Research-based pedagogical experiments now frequently make use of new technologies, for example:
Problem-based learning: institutionalizing the research model in
the classroom
Over the past four years--with the help of an NSF/DUE grant obtained by a core group of 7
faculty in biology, chemistry, physics, biochemistry, and astronomy--UD has affirmed and
built upon these many individual and departmental faculty gains by developing an
institutional focus on Problem-Based Learning (PBL) and related modes of creating active
learning environments.
PBL itself is a radical departure from the lecture method of instruction. At its heart is the use of realistic problems or activities to lead groups of students to new concepts and skills. Because of its use of realistic problems, PBL naturally involves students in the relation of science and engineering to issues facing the broader society. In the PBL procedure, the faculty presents a problem, class time is spent in small groups organizing approaches to the problem, students work in the library and in the lab to find answers, reporting back the next class period to the small groups. The teacher is a facilitator, in larger classes aided by graduate assistants or by undergraduate tutors who are themselves engaged in undergraduate research. Class sizes range from 15 to 500, and instruction ranges from honors majors to non-honors general education students. Further information, sample course syllabi, and publication references are available on the WWW for Problem-Based Learning.

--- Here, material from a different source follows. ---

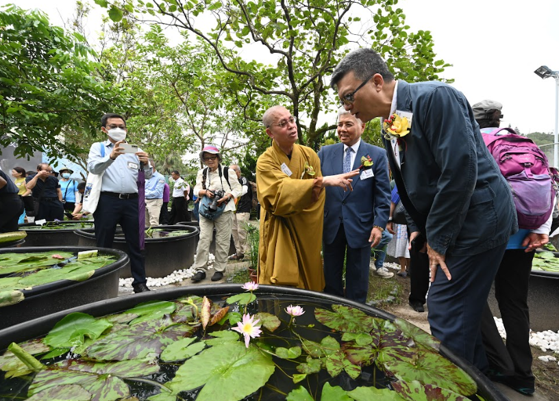 由寶蓮禪寺、香港園藝學(xué)會(huì)及星島新聞集團(tuán)聯(lián)合主辦的香港最大型荷花展 ——“盛世荷花?福祐香港”香港荷花展2023,將由今日(23日)開(kāi)始,一連十日在大嶼山寶蓮禪寺舉行。”香港荷花展2023”于今日舉行開(kāi)幕典禮。主辦方代表,寶蓮禪寺住持凈因大和尚,星島新聞集團(tuán)執(zhí)行董事兼行政總裁蔡晉博士,香港園藝學(xué)會(huì)名譽(yù)會(huì)長(zhǎng)蔡素玉女士,以及香港園藝學(xué)會(huì)會(huì)長(zhǎng)徐荷芬女士,聯(lián)同一眾嘉賓支持出席,包括民政及青年事務(wù)局局長(zhǎng)麥美娟女士,香港旅游發(fā)展局主席彭耀佳傅士,泰國(guó)駐香港總領(lǐng)事Mr. Chaturont CHAIYAKAM,中央駐港聯(lián)絡(luò)辦公室新界工作部李功勛副部長(zhǎng),前全國(guó)人大常委會(huì)香港基本法委員會(huì)副主任梁愛(ài)詩(shī)博士,前全國(guó)人大常委范徐麗泰博士,旭日集團(tuán)副董事長(zhǎng)兼總經(jīng)理?xiàng)顒煜壬?,香港江蘇社團(tuán)總會(huì)會(huì)長(zhǎng)姚茂龍先生,香港大學(xué)饒宗頤學(xué)術(shù)館館長(zhǎng)李焯芬教授,香港珠海學(xué)院陳致校長(zhǎng)以及離島區(qū)議會(huì)主席余漢坤先生。

PBL is introduced to UD faculty through regularly offered, specially designed workshops, sponsored by the Center for Teaching Effectiveness (CTE), whose staff then work individually with faculty to design their own versions. PBL is now more widely practiced in science and engineering instruction at UD than at any other institution in the world, each year impacting about 1000 UD students from many different disciplines.
UD is currently increasing the number of classrooms designed for PBL instruction. Instead of bolted rows of lecture-room seats, PBL classrooms ideally have several round tables with chairs to facilitate group work. They also feature many electrical outlets to facilitate the use of new technologies in a flexible way. Two existing rooms have been remodeled, and the major new W. L. Gore classroom building under construction has PBL specifications built into its design.

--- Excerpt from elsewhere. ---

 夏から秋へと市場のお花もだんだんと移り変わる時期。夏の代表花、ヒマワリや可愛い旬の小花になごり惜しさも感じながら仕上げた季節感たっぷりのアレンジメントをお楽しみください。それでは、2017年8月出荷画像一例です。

UD's role as a model for other institutions seeking to integrate research-modeled instruction into their curricula is evidenced by the attendance of 125 faculty from the U.S. and six other countries at PBL's Third Conference on Problem Based Learning in Undergraduate Science, June 9-12, 1996. UD faculty are presenting their insights into and experience with PBL at conferences and publishing widely; they can be reached through the regularly maintained Web site.
Qualitative outcomes: for students and faculty
Students who have had the undergraduate research apprenticeship experience will
demonstrate the characteristics listed in our vision statement, which we have worked out in
cooperation with industrial friends to describe the ideal employee. During their
undergraduate years, these students' will experience increased motivation for all learning,
will choose challenging courses of study, will develop individual initiative and
problem solving, will learn actively to seek resources and to work effectively as part of
teams, will experience increased self-confidence, and will gain increasingly sophisticated
understanding of the nature of the research process and the importance to society of the
research endeavor.
For students beyond the number that can be accommodated in research apprenticeships, we have the same desired outcomes, which will be accomplished by these students' participation as active learners in problem-based-learning classes and related classroom discovery environments.

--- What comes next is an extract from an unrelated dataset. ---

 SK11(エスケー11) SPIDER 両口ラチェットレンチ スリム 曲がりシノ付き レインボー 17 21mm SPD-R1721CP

UD graduate students, under the leadership of their faculty, will learn to mentor individual undergraduates in the research situation and will gain valuable experience in small-scale project management; those who go on to become university professors will themselves be well-prepared to institute active learning environments.
After graduation, alumni of the URP--upon entering either graduate school or the workplace--will experience a strong self confidence in their own ability to identify and address complex challenges. They should find over the years that their understanding of research has helped them effectively to assume leadership responsibilities in their chosen careers and in society.
Further, dissemination of the importance of undergraduate research and discovery-learning experiences will render these educational benefits so well known that high school students, in considering where to apply to colleges, will include as an important criterion, the kind of undergraduate research and discovery-learning opportunities that a school will provides for its students.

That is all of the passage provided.